The area’s main AI gamers insist the warfare will not dent of their ambitions.
A spokesperson for G42 advised CNBC the corporate’s “course stays unchanged,” and their “conviction has solely deepened.”
Its assertion added that AI would “turn into as foundational to economies and societies as electrical energy.” Infrastructure of that significance has to soak up tough intervals with out dropping its form,” G42 added.
Tareq Amin, the CEO of Saudi Arabia’s HUMAIN, advised CNBC the corporate’s “ambition has by no means been restricted to constructing information facilities. We’re constructing the complete AI stack – from essential infrastructure and compute, to fashions, platforms, and AI functions.”
Amin added that “Saudi Arabia’s scale is a strategic benefit,” emphasizing its “massive geography” and “ample power assets, world-class connectivity corridors, and the power to construct long-term resilient AI infrastructure at scale.”
“The long run AI financial system would require nations to assume past remoted amenities and towards built-in infrastructure ecosystems designed for reliability, scalability, and world attain,” Amin added.
BCLP’s Richards advised CNBC that the agency continues to be seeing inbound enquiries for large-scale information heart initiatives within the Center East. Pure DC’s Wojtaszek stated the corporate was “bullish” in regards to the area and was progressing planning and funding discussions about initiatives within the UAE and Saudi Arabia.
However the battle has “shattered the phantasm of long-term stability within the Gulf,” altering the worth of investing within the area, Aalok Mehta, director at assume tank the Middle for Strategic and Worldwide Research, advised CNBC.

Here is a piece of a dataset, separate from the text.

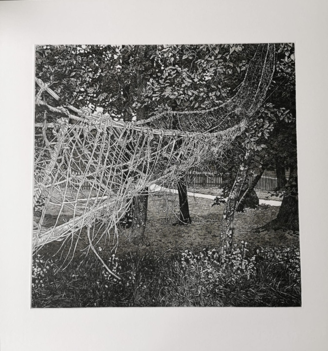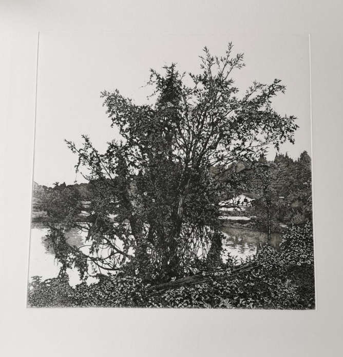 Snow falls onto the woods,resulting in a lifeless but appealing scene which the artist wants you to follow her suit. This print was collected by the Hong Kong Museum of Art in 1989.

Future information facilities will doubtless be costlier and slower to return on-line due to the prices of facility hardening and anti-drone expertise, increased insurance coverage charges and attainable long-term provide chain points, he stated.
“The area has demonstrated its capacity to vary and adapt,” Tara Davies, EMEA co-head of personal fairness firm KKR, advised CNBC in Abu Dhabi earlier this month.
“AI is altering each month in the intervening time,” she added. “Regardless of the short-term volatility within the area and the short-term uncertainty, it is a sport that lasts a long time.”